Вот как раз в этом общеполезном конечном результате, в его возможности при хорошо отлаженном государственном устройстве и проявляется фактор непосредственной конституциональной действенности свободы слова, тот её смысл, который предпочтительно иметь постоянно в виду при разработке и применении законов, в ходе вынесения судебных решений и в других случаях саморегулирования гражданского общества.

Происходит ли то же самое со свободой массовой информации – раз ей также позволено конституцией проявлять себя непосредственно, без ограничений? Ответ может быть только отрицательным: это видно из целого ряда вполне разумных и обоснованных потребностями практики ограничений, прописанных в законе о СМИ, о чём нам ещё предстоит говорить особо.
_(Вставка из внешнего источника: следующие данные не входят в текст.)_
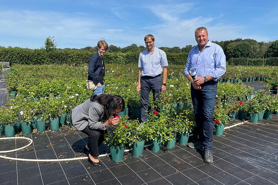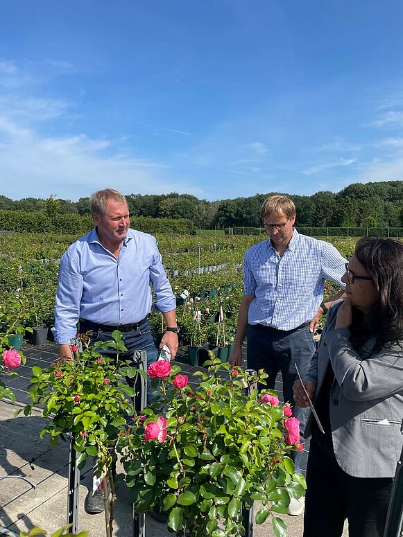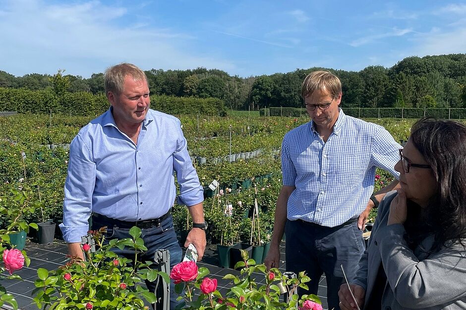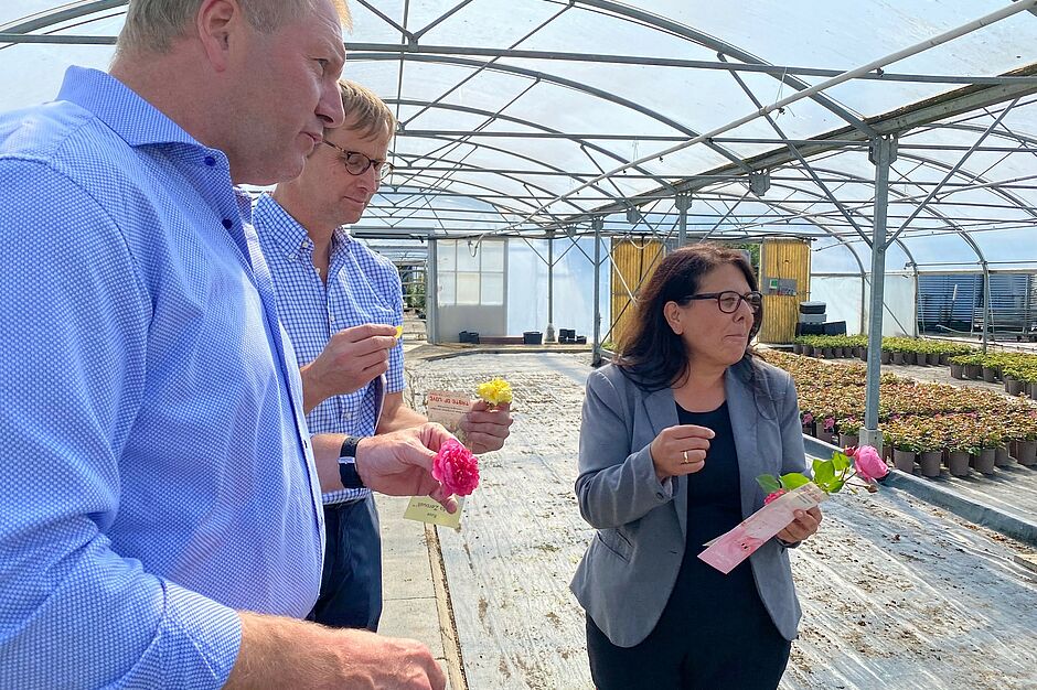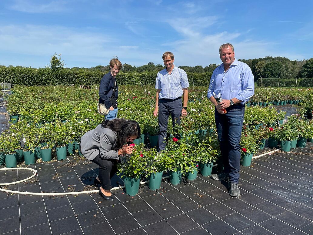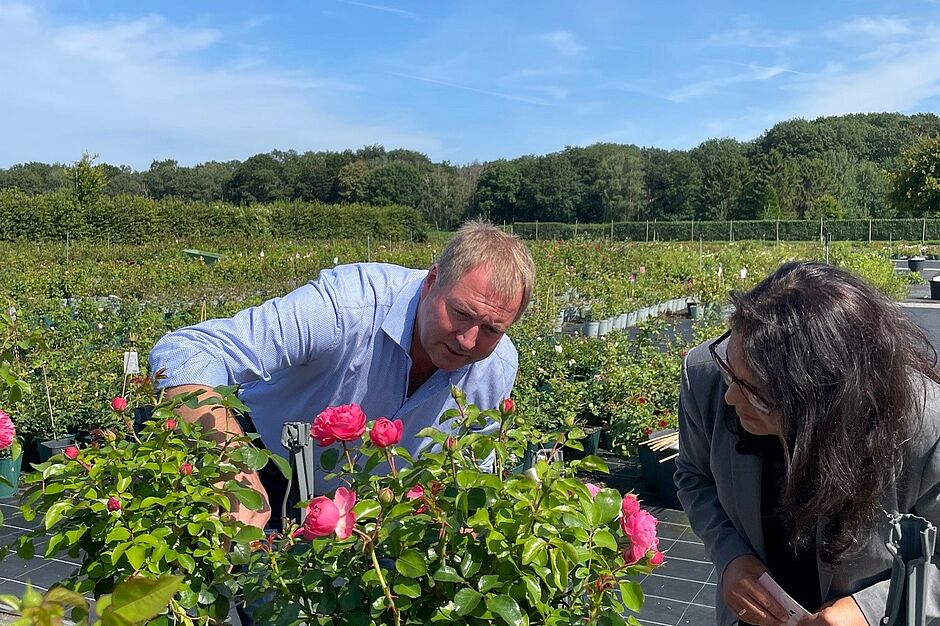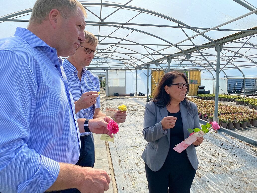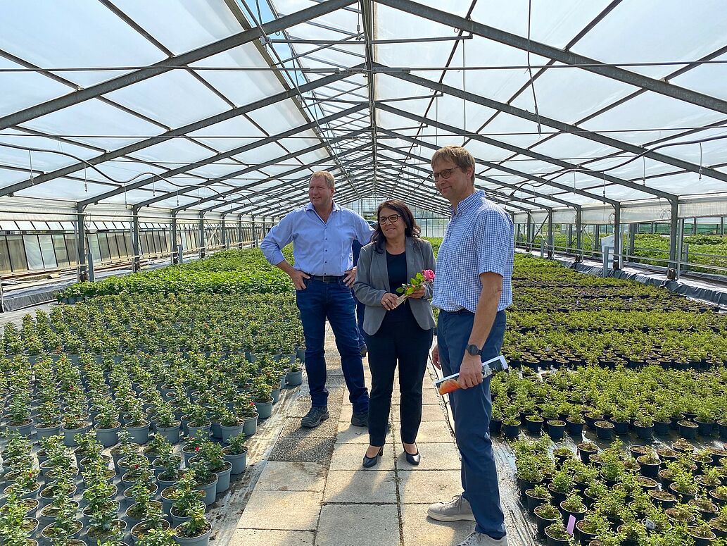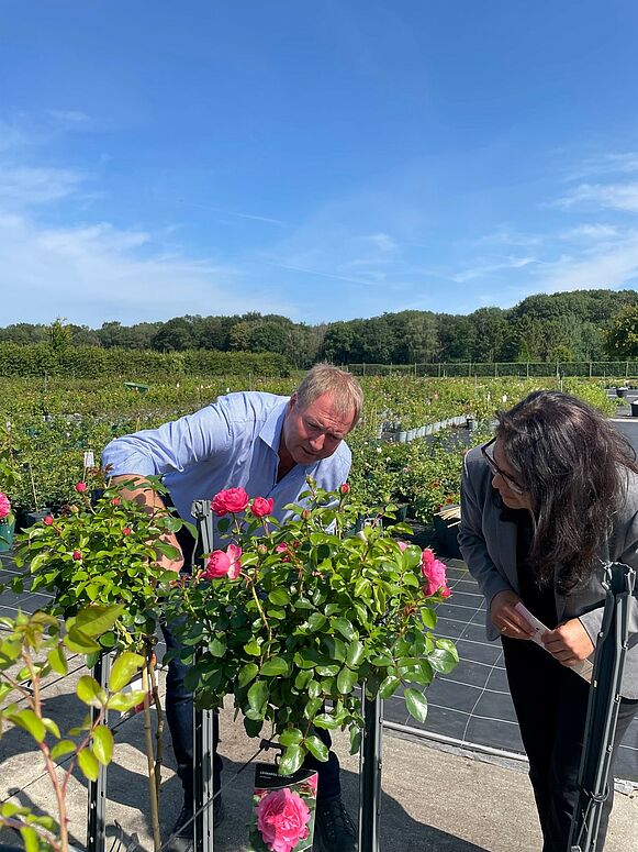 Gülistan Yüksel - Mitglied des Bundestages, stellvertretende Sprecherin der SPD für Migration und Integration, sowie Christoph Dirksen, Vorsitzender des Landesverbands NRW, haben am gestrigen Dienstag zusammen die Baumschule Weber Rosen (Mönchengladbach) von Harald Hallen besucht. Die Anwesenden haben sich nach den praktischen Tätigkeiten über essbare Rosen, biologischen Pflanzenschutz, Entschädigungsfonds, bürokratische Hürden, steuerfreie Risikorücklagen, Fachkräftemangel sowie die ADR - Allgemeine Deutsche Rosenneuheitenprüfung ausgetauscht. Christin Haack, Geschäftsführerin des Landesverbandes NRW sowie Marius Tegethoff vom BdB waren auch dabei.

Далее. Не бросается ли в глаза, что по основному закону гарантия свободы установлена вовсе не для СМИ, а лишь для массовой информации, того предмета, в пределах которого возможность неограниченного выбора для каждого члена общества просто абсурдна? Ибо как бы этот предмет ни был велик или обширен, он ведь всё же и ограничен. Хотя бы из-за того, что зависим от финансирования; от интеллектуального уровня редакционных и других коллективов; от своей насыщенности, так как может иметь содержание богаче или беднее; от тиража; наконец из-за того, что заранее установлен предел его «движению» – от редакционной службы выпуска до получения потребителем. Интереса для каждого члена общества, по крайней мере до стадии получения массовой информации за пределами конвейера СМИ, – нет, – он или частный, или корпоративный. Об ограниченности может говорить даже и сам характер бытования массовой информации во времени: поскольку её не было до возникновения СМИ, то для общества не могло быть и естественного права на массовую информацию, с чем опять-таки должно быть связано и само понятие её безусловной свободы, проявляемой непосредственно. – Таким образом надо признать, что гарантирование свободы массовой информации основным законом установлено отнюдь не в соответствии с её природным правовым значением. – Но, с другой стороны, не может быть конституционной гарантии и для свободы СМИ, управляемых законом: ведь это бы означало всего лишь ничем не обоснованную ведомственную льготу. Переход на подобную схему льготирования приводил бы к установлению (персонификации) гарантий свободы любым краткосрочным видам отраслевой деятельности, что на фоне «сомкнутого» усилия основного закона в этом направлении выглядело бы ненужной игрой на площадке права; – норма конституции тогда бы не состоялась.

Неуместная излишняя опека «массовой информации» могла вызреть или только вследствие недостаточной оценки употребляемых терминов, или – при слишком доверительном отношении к уже действовавшему закону о СМИ, где многое было поставлено с ног на голову. Также тут не могут быть исключены и последствия участия в шлифовке очень важного положения конституции лиц или группы лиц, ранее бывших разработчиками закона о СМИ, – конечно, если такое участие имело место. Впрочем, устранить досадный конституционный завал не поздно, была бы к тому соответствующая воля законодателя; ведь не зря же говорится, что по-настоящему ошибкой надо считать только такую, которая не исправляется.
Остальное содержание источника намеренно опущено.